And that's what happened.  We not only didn't miss the meat, we didn't want the meat because everything we want in meat was there in meatless form.

It became a meal that proves the notion that big-boy, burly and deep shiraz doesn't always need meat to tame it.  There are a ton of different avenues to pursue that makes for stupid-good stuff.

"After all, Sherman.  Isn't it important in life to avoid a Hobbesian choice?"

"Oh, Mr. Peabody."

Food:  Borlotti bean & blue cheese fregola risotto with arugula salad

Fregola "risotto" with carrots, [pre-cooked] borlotti beans, shallot, pine nuts, Rogue Creamery Smokey Blue. Pan initially deglazed (from onion roasting) with white port, veal and chicken stock, thyme and isot pepper. Onions roasted in pancetta-fat skillet with balsamic vinegar and topped/mixed with pancetta, parsley and basil.

The end product was a big plate of gooey, starchy, oozy mess of Love, much like back in October but with a overall less-meat edge.  Came off light but filling with meaty edges, brought on by the black char on the onions mimicking a meat sear, the balsamic bringing a dark depth, the beans bringing an 'expanding in the stomach' meat sensibility, broadening out the dish, the Blue Cheese richness and the meat stock bringing little flecks of a meat ghost in the background.

Both of us loved the exploration of the seemingly endless flavors and flavor combinations.  There just wasn't anything else needed/wanted/missed, much less the need for meat as some sort of perfunctory addition because it's 'supposed' to be there.

Arugula and mint salad with extra virgin olive oil and balsamic vinegar to finish.

Last October was a top-three meal of 2010.  This one jettisoned itself into the running for the same award for this year.

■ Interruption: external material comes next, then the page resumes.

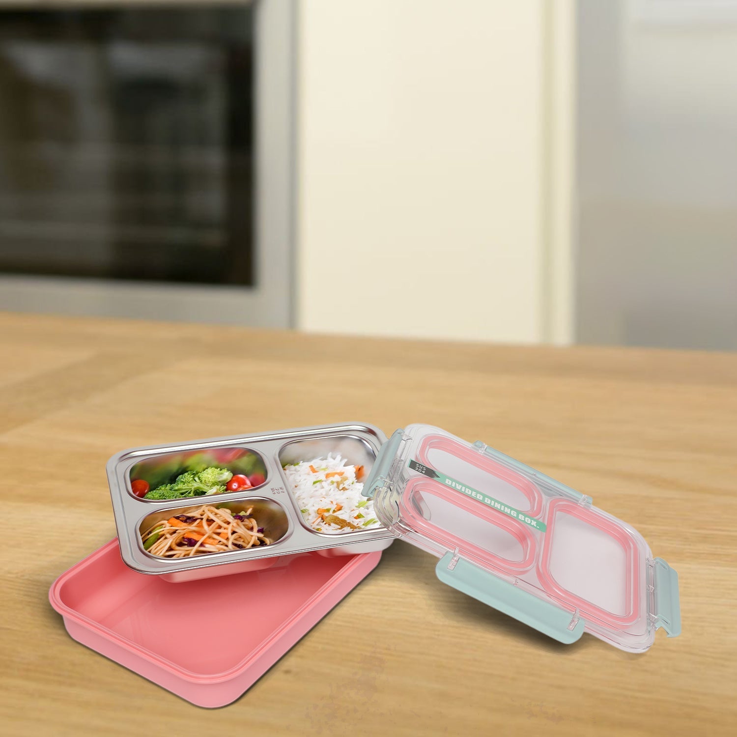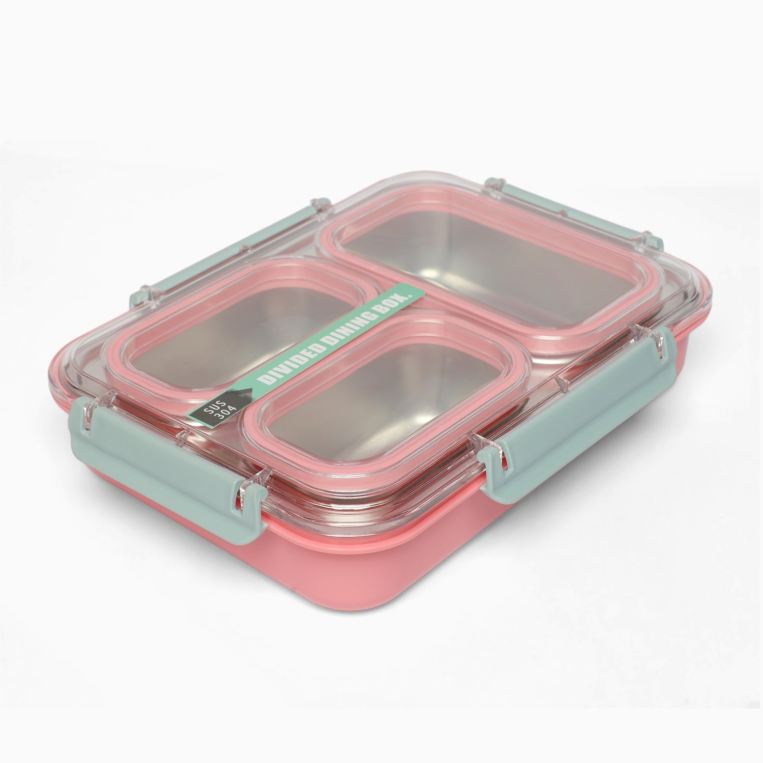 Upgrade your lunch game with our Stainless Steel 3-Compartment 1.2L Lunch Boxes. Made with durable materials and eco-friendly design, this lunch box is perfect for on-the-go meals. Pack your lunch with confidence and convenience, while reducing waste. Available in pink.

Wine:  2003 Hobbs Gregor Shiraz Barossa ($125 - Hart Davis Hart)

Done in the Amarone style where the grapes are partially dried to intensify flavors.

Opened 45 minutes before the meal and tasted nearly perfect.  No decant.

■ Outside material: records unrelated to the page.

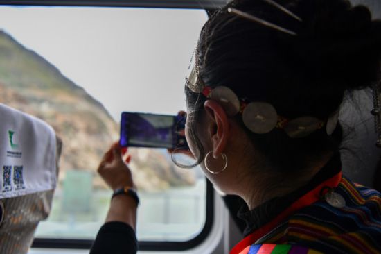 复兴号列车上的乘客用手机记录沿途风景。(2021年6月25日摄)新华社记者 晋美多吉 摄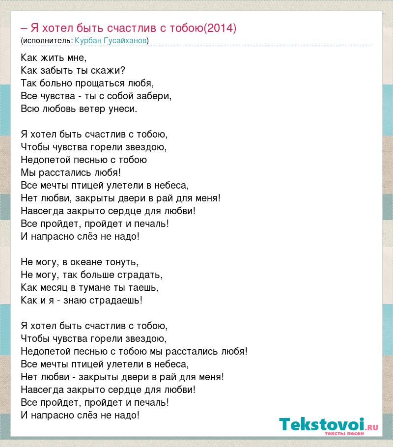Как жить мне, Как забыть ты скажи? Так больно прощаться любя, Все чувства - ты с собой забери, Всю любовь ветер унеси. Я хотел быть счастлив с тобою, Чтобы чувства горели звездою, Недопетой песнью с тобою Мы расстались любя! Все мечты птицей улетели в небеса, Нет любви, закрыты двери в рай для меня! Навсегда закрыто сердце для любви! Все пройдет, пройдет и печаль! И напрасно слёз не надо! Не могу, в океане тонуть, Не могу, так больше страдать, Как месяц в тумане ты таешь, Как и я - знаю страдаешь! Я хотел быть счастлив с тобою, Чтобы чувства горели звездою, Недопетой песнью с тобою мы расстались любя! Все мечты птицей улетели в небеса, Нет любви - закрыты двери в рай для меня! Навсегда закрыто сердце для любви! Все пройдет, пройдет и печаль! И напрасно слёз не надо!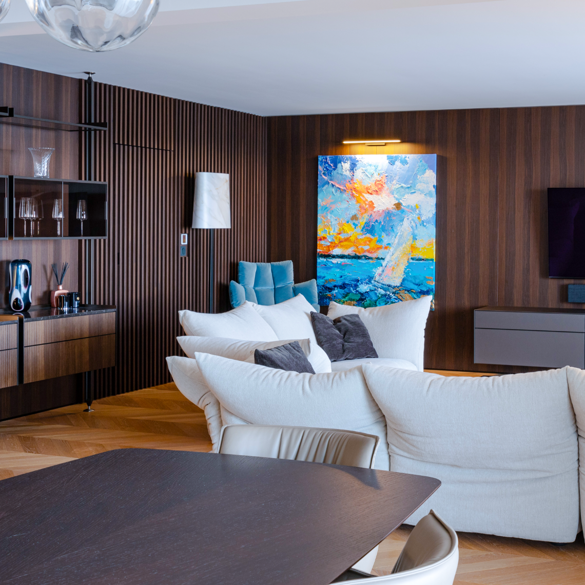 Abbiamo agito nel pieno rispetto del contesto architettonico e paesaggistico della Costa Azzurra, proponendo soluzioni che valorizzassero la luce naturale, i volumi e i punti di vista sull’esterno. Il risultato è un ambiente che riflette la personalità di chi lo abita, ma che mantiene al tempo stesso un’eleganza misurata, in linea con la destinazione d’uso.

It's been one of the top ten-ish best wines we've ever had in the past and this drinking was no different but it's certainly hit a different, glorious stage since last year.

Tons of really fancy, oil-cured, booze-soaked kalamata olives crusted in some intensely dark, weird Moroccan spice right out of the bottle with supporting blackberry and great tar, a graceful heat and still big acid.

Once the meal started the olives took a back seat to the emerging blackberry and deep dark cherry fruit, lifting and generous acid, a charred bacon quality and beautiful, silky transitions followed by a long finish.  Kept changing over the course of the meal with the fruit continuing to become brighter, more lifting and sparkly.  Shimmering by the second hour.  Herby notes were gone, replaced by the Moroccan spice edge that turned it into a deeply savory wine that every once and a while brought a hint of a slightly sweet blueberry powder deep in the background.  Tannins are still doing its proper job, turning every flavor and component front and center like a drill sergeant without being loud and obvious.

Tasted like what we expect a top-notch Amarone delivers at its perfect point of drinking and tasted like what the winemaker wanted from this wine when he made it.  At a perfect point right now and will just keep going.  You can't get this type of quality for less money.  It's a wine that plays in a different stratosphere.

Flawless in our book.  Utterly flawless.

Pairing:  96  So gosh darn sexy!

Much like the Oregonzola, Rogue Blue is the goods.  Tastes like New World cheese with a soul and seems like it was crafted with the Hobbs Gregor in mind.  Perfect.  Pairing.

But we kept going back and forth about the best part of the pairing.  The pine nuts with the fruit and liqueur-like intensity in the wine were superb.  The beans allowed the wine to go more subtle and explore the secondary, less obvious flavors in great ways.  An onion-balsamic-pancetta blend actually turned the wine into something more medium-bodied in weirdly delicious ways.

It was a fancy-pants wine so open, supple and generous that allowed itself to be steered by the food while never letting go of its stunningly vibrant and commanding personality.

It was a meal that brought a lot of pauses and a lot of looks at each other, saying, "Can you believe that this is in front of us right now?!"